◆ Extracted information
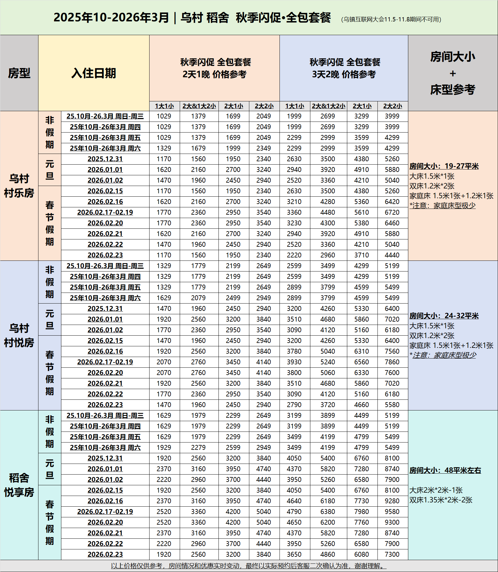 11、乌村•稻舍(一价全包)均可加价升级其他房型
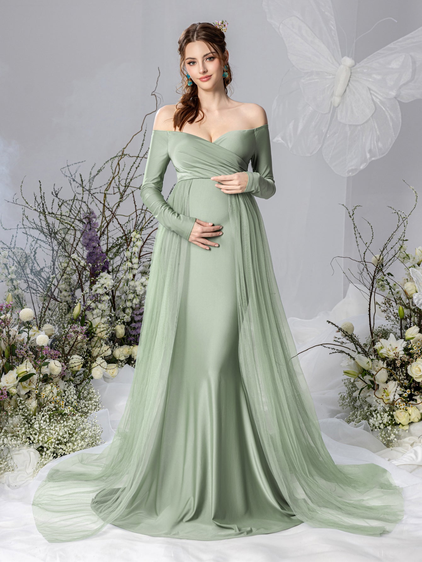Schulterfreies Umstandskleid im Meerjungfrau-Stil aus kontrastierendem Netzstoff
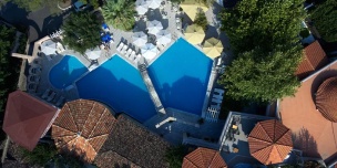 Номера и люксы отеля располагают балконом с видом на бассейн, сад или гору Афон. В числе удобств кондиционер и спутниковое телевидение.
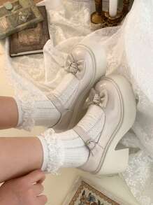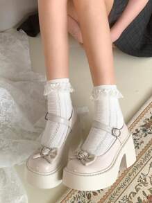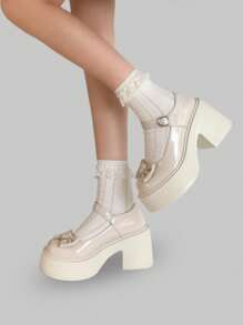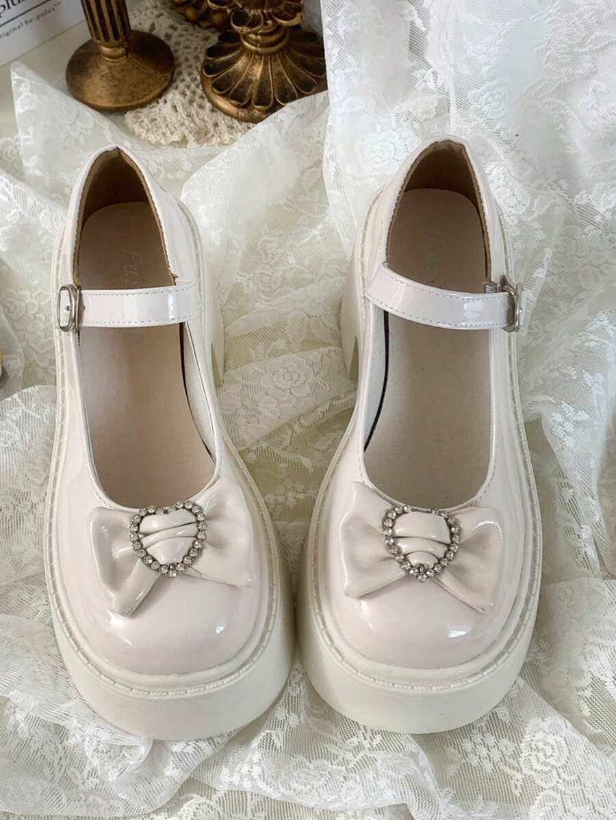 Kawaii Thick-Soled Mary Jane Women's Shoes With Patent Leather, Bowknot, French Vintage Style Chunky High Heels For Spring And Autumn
* * *
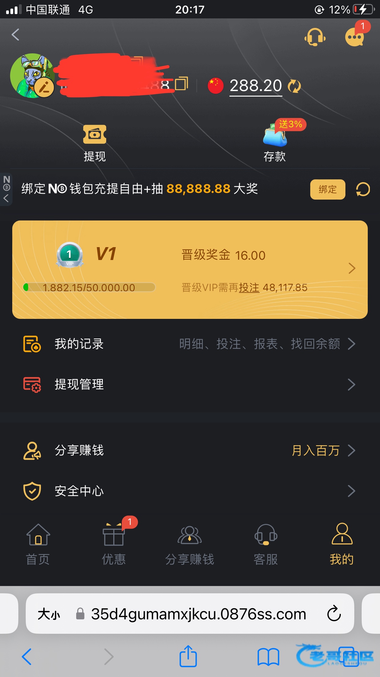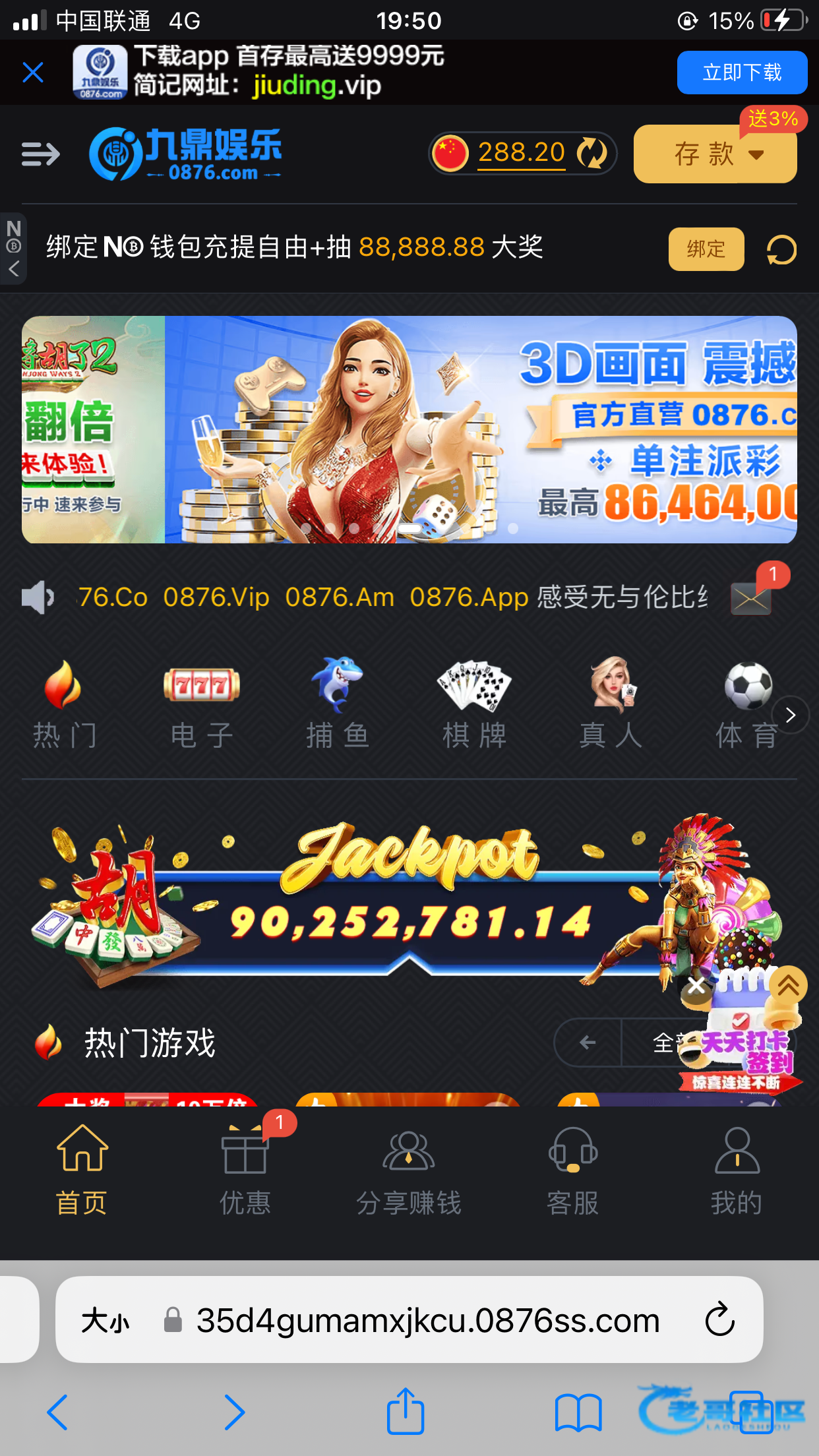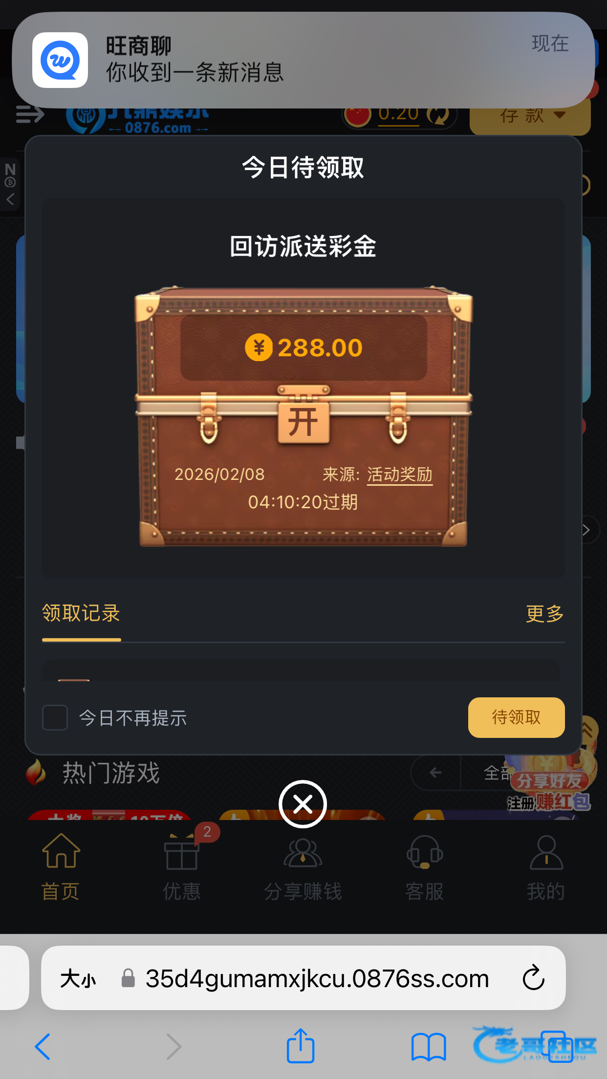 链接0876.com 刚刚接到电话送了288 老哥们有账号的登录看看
---
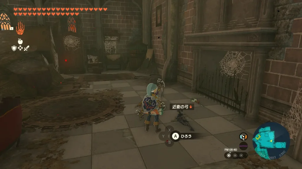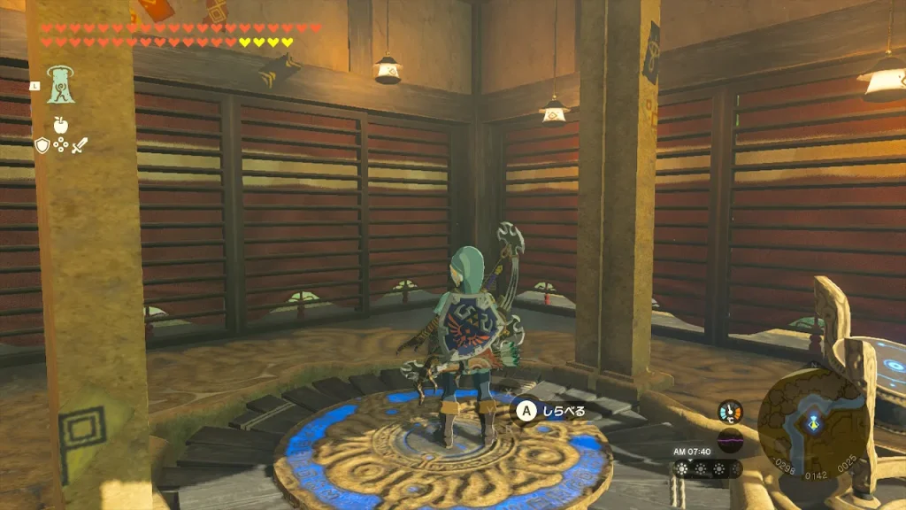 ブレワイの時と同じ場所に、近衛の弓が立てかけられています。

◆ What is being asked
Although pictures appear among the records above, write out exactly only the lines from the one that has "11、乌村•稻舍(一价全包)均可加价升级其他房型" through the one that has "Kawaii Thick-Soled Mary", and leave the pictures out.

◆ Task result
 11、乌村•稻舍(一价全包)均可加价升级其他房型
Schulterfreies Umstandskleid im Meerjungfrau-Stil aus kontrastierendem Netzstoff
 Номера и люксы отеля располагают балконом с видом на бассейн, сад или гору Афон. В числе удобств кондиционер и спутниковое телевидение.
 Kawaii Thick-Soled Mary Jane Women's Shoes With Patent Leather, Bowknot, French Vintage Style Chunky High Heels For Spring And Autumn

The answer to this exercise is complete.